● Exercise objective: When you reach a picture, skip it, and retype every line below exactly.

● Given information:
########
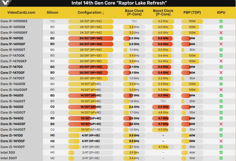 A Intel vai expandir a série de processadores Raptor Lake Refresh com modelos de chips de 24, 20, 14 e 10 núcleos com um multiplicador bloqueado. Ao mesmo tempo, alguns futuros processadores, principalmente relacionados ao segmento low-end, não foram lançados anteriormente na linha de chips com o sufixo “K”.
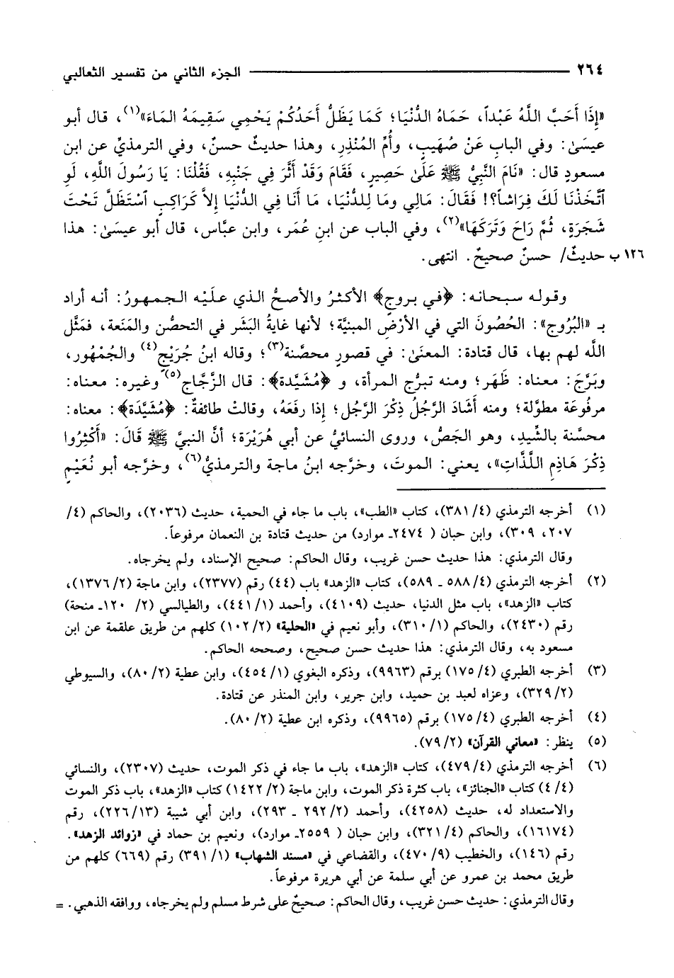 محسَّنة بالشِّيدِ، وهو الجَصُّ، وروى النسائيَّ عن أبي هُرَيْرَة أنَّ النبيَّ صلّى الله عليه وسلّم قَالَ: «أَكْثِرُوا ذِكْرَ هَاذِمِ اللَّذَّاتِ» ، يعني: الموتَ، وخرَّجه ابنُ ماجة والترمذيُّ «6» ، وخرَّجه أبو نُعَيْمٍ
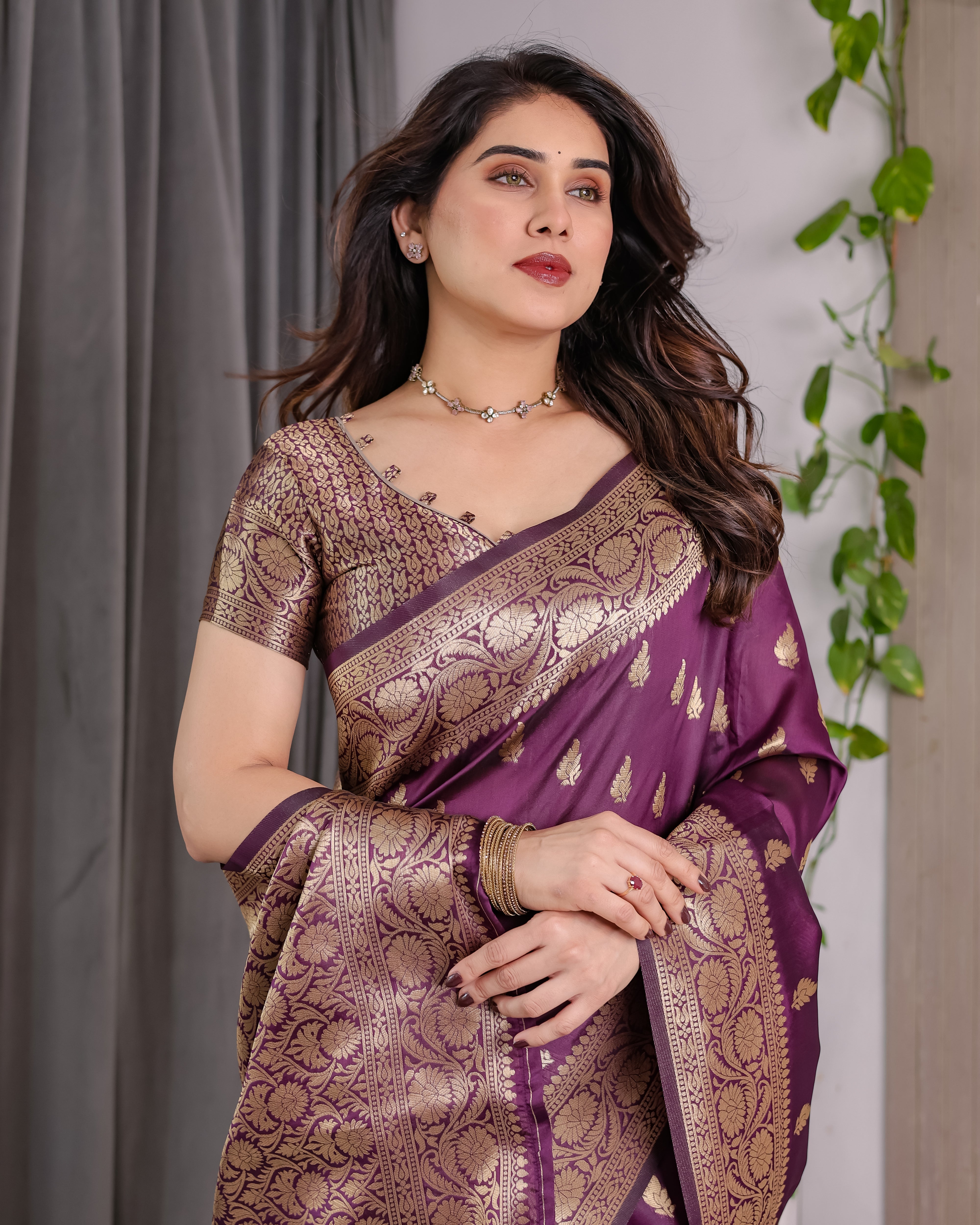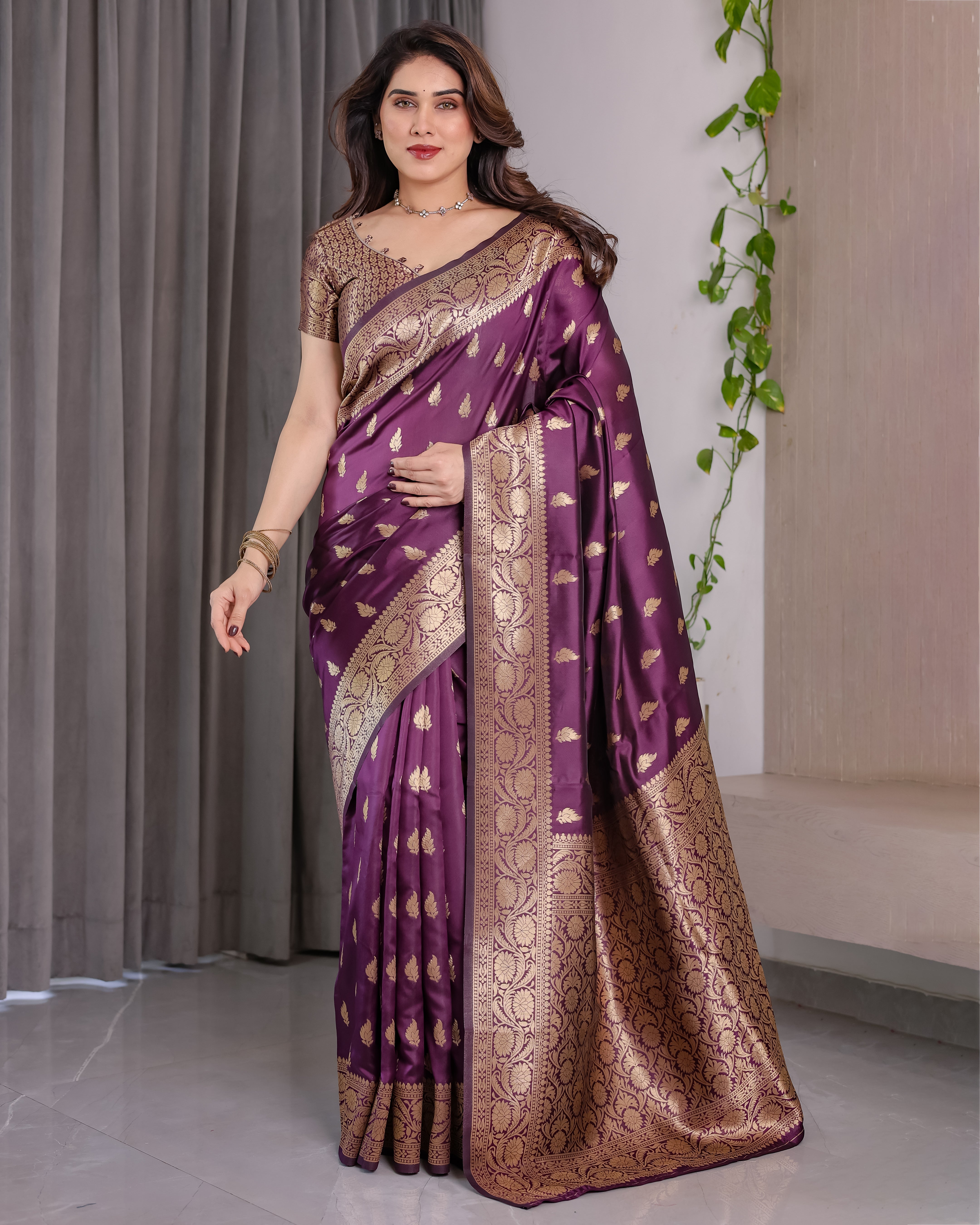 Color: Royal Violet with Antique Gold Zari
########
● Reply to the task:
 A Intel vai expandir a série de processadores Raptor Lake Refresh com modelos de chips de 24, 20, 14 e 10 núcleos com um multiplicador bloqueado. Ao mesmo tempo, alguns futuros processadores, principalmente relacionados ao segmento low-end, não foram lançados anteriormente na linha de chips com o sufixo “K”.
 محسَّنة بالشِّيدِ، وهو الجَصُّ، وروى النسائيَّ عن أبي هُرَيْرَة أنَّ النبيَّ صلّى الله عليه وسلّم قَالَ: «أَكْثِرُوا ذِكْرَ هَاذِمِ اللَّذَّاتِ» ، يعني: الموتَ، وخرَّجه ابنُ ماجة والترمذيُّ «6» ، وخرَّجه أبو نُعَيْمٍ
 Color: Royal Violet with Antique Gold Zari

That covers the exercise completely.